## Recorded information:
[Start of section]

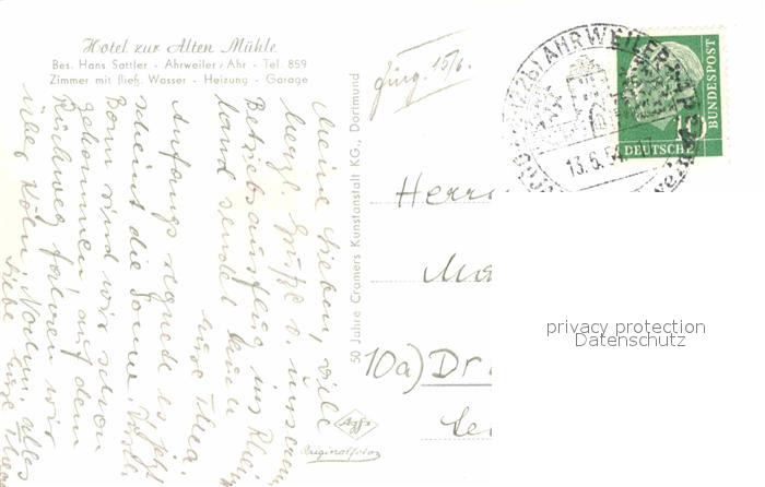 72639806 alte Postkarte Ahrweiler Ahr Ahrtor Stadtmauer Kloster Kalvarienberg Hotel Alten Muehle postalisch gelaufen Erhaltung siehe scans [KathaD79] KatCode: 11110007131007
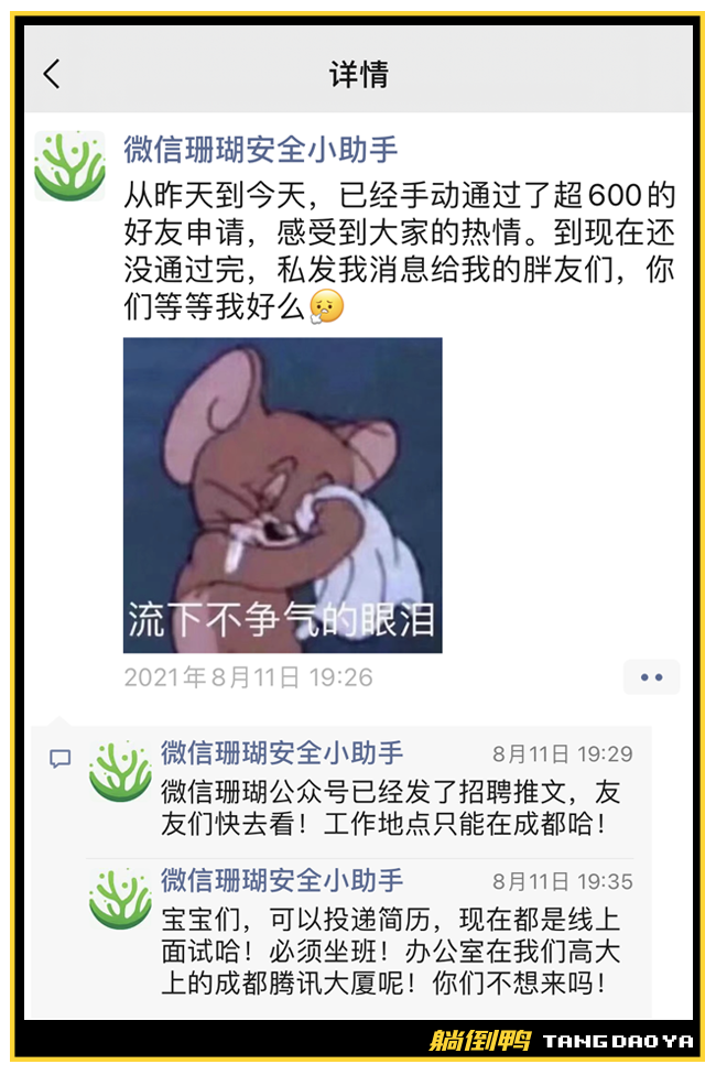 截至8月11日,微信已经收到了至少600多位有求职意向网友的好友申请(现在只会更多)。想当“鉴黄师”,面临的竞争还挺大……
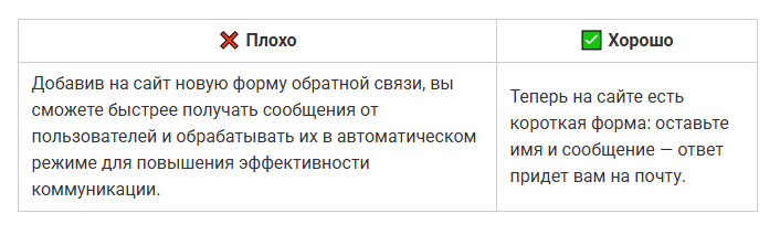 ✅ Совет: перечитывайте текст и убирайте слова, без которых смысл не меняется. Если фраза выглядит красиво, но ничего не дает — выливайте воду.
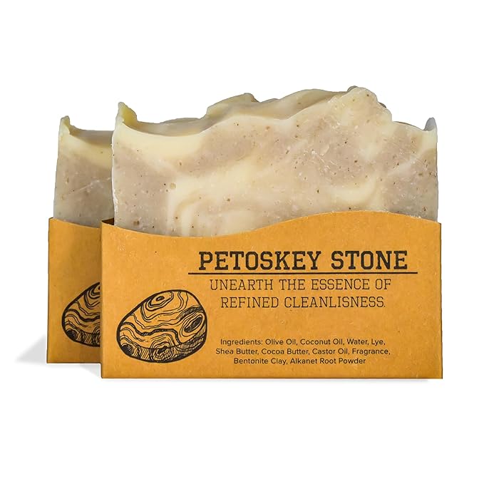 - PURE & SIMPLE FORMULA: Made with minimal ingredients, Petoskey Stone mens soap bar offers a straightforward clean. Infused with Wild Cypress, Frankincense, Amber, it provides a refreshing scent without unnecessary additives.

[End of section]

## Required work:
Please take the lines from the beginning of the data above through the line holding "дает — выливайте воду." and transcribe them exactly, without any pictures.

## Answer box:
 72639806 alte Postkarte Ahrweiler Ahr Ahrtor Stadtmauer Kloster Kalvarienberg Hotel Alten Muehle postalisch gelaufen Erhaltung siehe scans [KathaD79] KatCode: 11110007131007
 截至8月11日,微信已经收到了至少600多位有求职意向网友的好友申请(现在只会更多)。想当“鉴黄师”,面临的竞争还挺大……
 ✅ Совет: перечитывайте текст и убирайте слова, без которых смысл не меняется. Если фраза выглядит красиво, но ничего не дает — выливайте воду.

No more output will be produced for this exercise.